Member of the Minnesota House of Representatives from the 54B district
- In office January 3, 2017 – January 3, 2023
- Preceded by: Denny McNamara
- Succeeded by: Shane Hudella

Personal details
- Born: November 28, 1964 (age 61)
- Party: Republican Party of Minnesota
- Spouse: Dawn
- Children: 2
- Alma mater: Southwest Minnesota State University
- Occupation: insurance broker

= Tony Jurgens =

American politician

Tony Jurgens (born November 28, 1964) is an American politician and former member of the Minnesota House of Representatives.

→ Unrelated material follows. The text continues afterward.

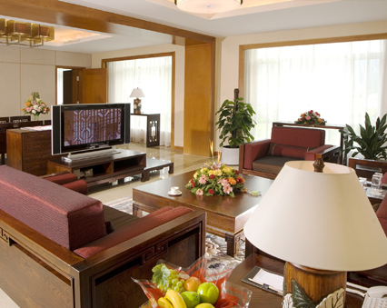 CEO套房,面積110平米,由兩個寬敞的客房和一個大廳組成,不論是從客廳還是從臥室都可看到美麗的園林景觀和室外游泳池。

A member of the Republican Party of Minnesota, he represented District 54B in the southeastern Twin Cities metropolitan area.

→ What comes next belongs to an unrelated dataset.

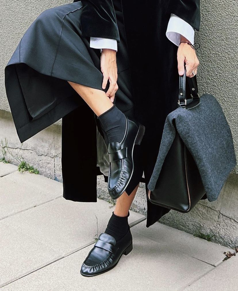 Минималистичные женские лоферы в глубоком чёрном цвете, выполненные из гладкой коровьей кожи с аккуратной ручной прострочкой по мыску. Широкая полоска-перемычка на подъёме и округлый удлинённый носок создают сдержанную, элегантную силуэтную форму.

==Early life, education, and career==
Jurgens was born on November 28, 1964. Jurgens attended Southwest Minnesota State University, graduating with a Bachelor of Science in business administration in 1988.

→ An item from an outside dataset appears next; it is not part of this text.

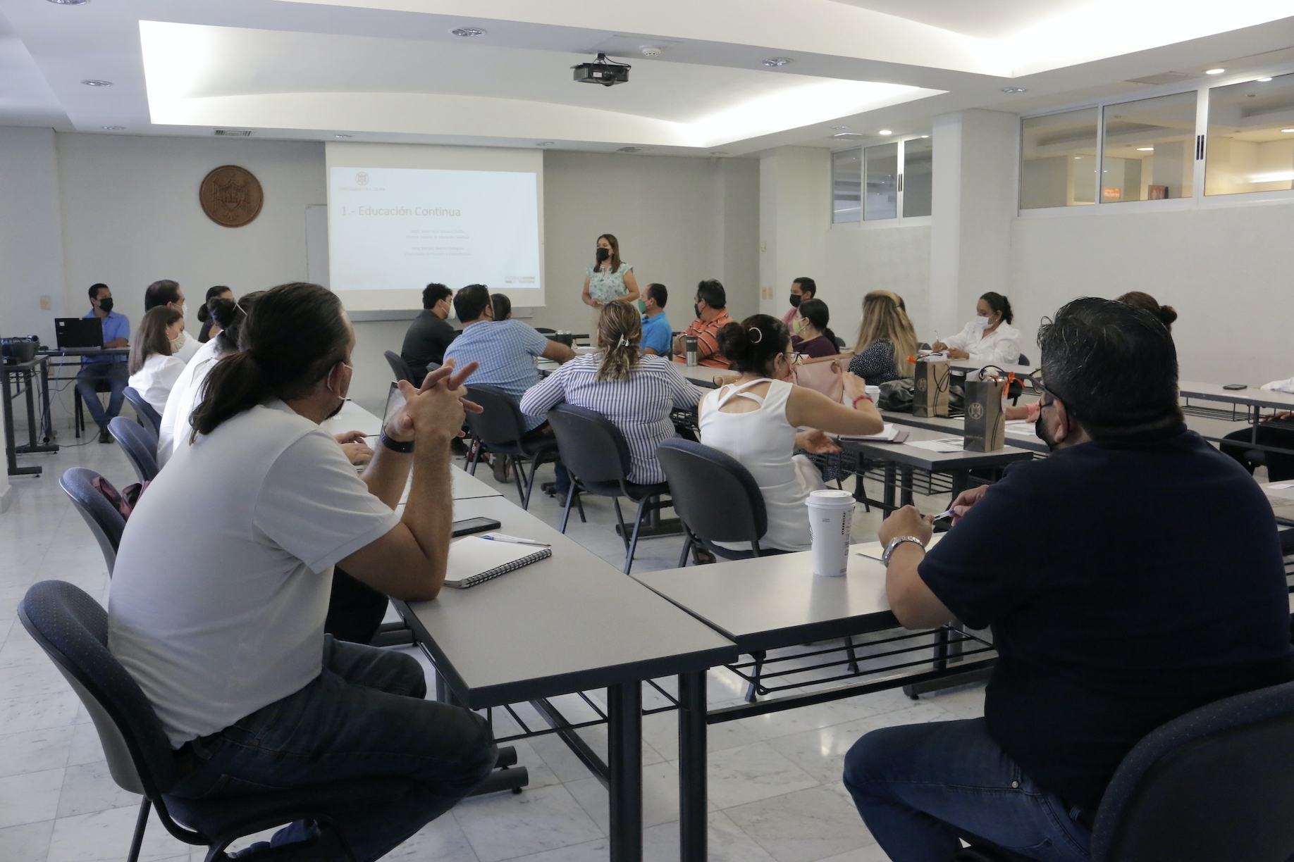 La reunión estuvo presidida por Ana María Gallardo Vázquez, delegada de la UdeC en Manzanillo y contó con la participación de Jesús Omar Brizuela Padilla, director general de Educación Continua y Myriam Jiménez Rodríguez, responsable de planteles y dependencias, así como de los jefes de mantenimiento y de responsables de área de dicha delegación.

Jurgens served on the Cottage Grove Economic Development Authority, the Cottage Grove Public Works Commission, Public Services Commission, Charter Commission, Comprehensive Plan Steering Committee and the Washington County Library Board. He is an independent insurance agent.

==Minnesota House of Representatives==
Jurgens was first elected to the Minnesota House of Representatives in 2016 and re-elected in 2018 and 2020.

==Personal life==
Jurgens and his wife, Dawn, reside in Cottage Grove, Minnesota. They have two married daughters and two grandchildren. Jurgens is a member of St. Elizabeth Ann Seton Catholic Church in Hastings, Minnesota and a member of the Knights of Columbus.